A rare painting by Albert Namatjira, one of Australia’s most iconic Aboriginal artists, is to be sold to raise money for kidney patients in remote parts of central Australia. Indigenous people suffer kidney disease at 15 times the national average.
Albert Namatjira was a trailblazer. Born in 1902 near Alice Springs in Australia’s rugged Northern Territory, he did not start painting seriously until he was 32-years old.
His Western-inspired watercolors were a radical departure from traditional Indigenous art’s symbols and design, and he became a household name in Australia. The renowned Aboriginal artist was even featured on an Australian postage stamp in the late 1960s.
His famous painting, called “Mount Hermannsburg”, is considered to be one of the most valuable examples of his work. It has been donated by an Aboriginal group to a renal center in Alice Springs to raise money to help indigenous patients receive treatment nearer to home rather than travel hundreds of kilometers.
Sarah Brown, the head of The Purple House, the kidney unit that has been given the Namatjira painting, says it is an incredible gesture.

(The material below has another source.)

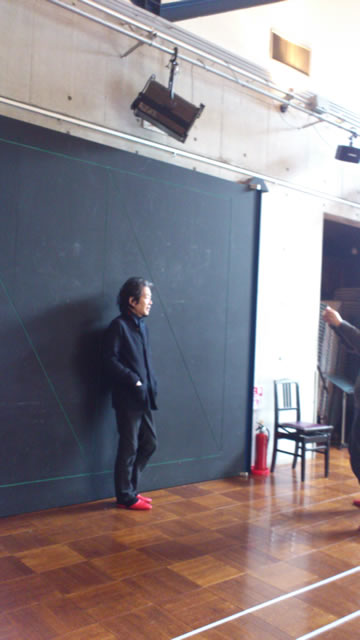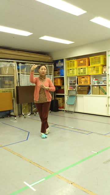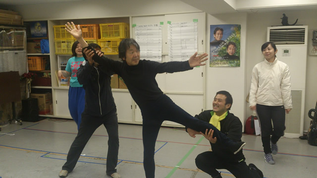 間もなく大きな稽古場での稽古。やっと手足が伸ばせる気分。楽しみ!」

“So I got a phone call saying ‘hey Sarah, the Ngurratjuta [Aboriginal Corporation] board has met, we would like you to come to the Araluen Arts Center [in Alice Springs] and choose an Albert Namatjira painting.’ And I thought I am never going to have a phone call like that ever again. Central Australia is really the center of the universe for kidney failure, there is well over 350 people in Central Australia who need dialysis, which is usually hemodialysis, which is three days a week, five-hours a session,” said Brown.
Namatjira’s ‘Mount Hermannsburg’ painting is expected to fetch about $75,000 at auction.
The painter died in 1959 at the age of 57.
Australia’s Aboriginal people are by far the country’s most disadvantaged group, suffering high rates of ill health, poverty, imprisonment and unemployment. They make up about 3 per cent of Australia’s population of almost 25 million people.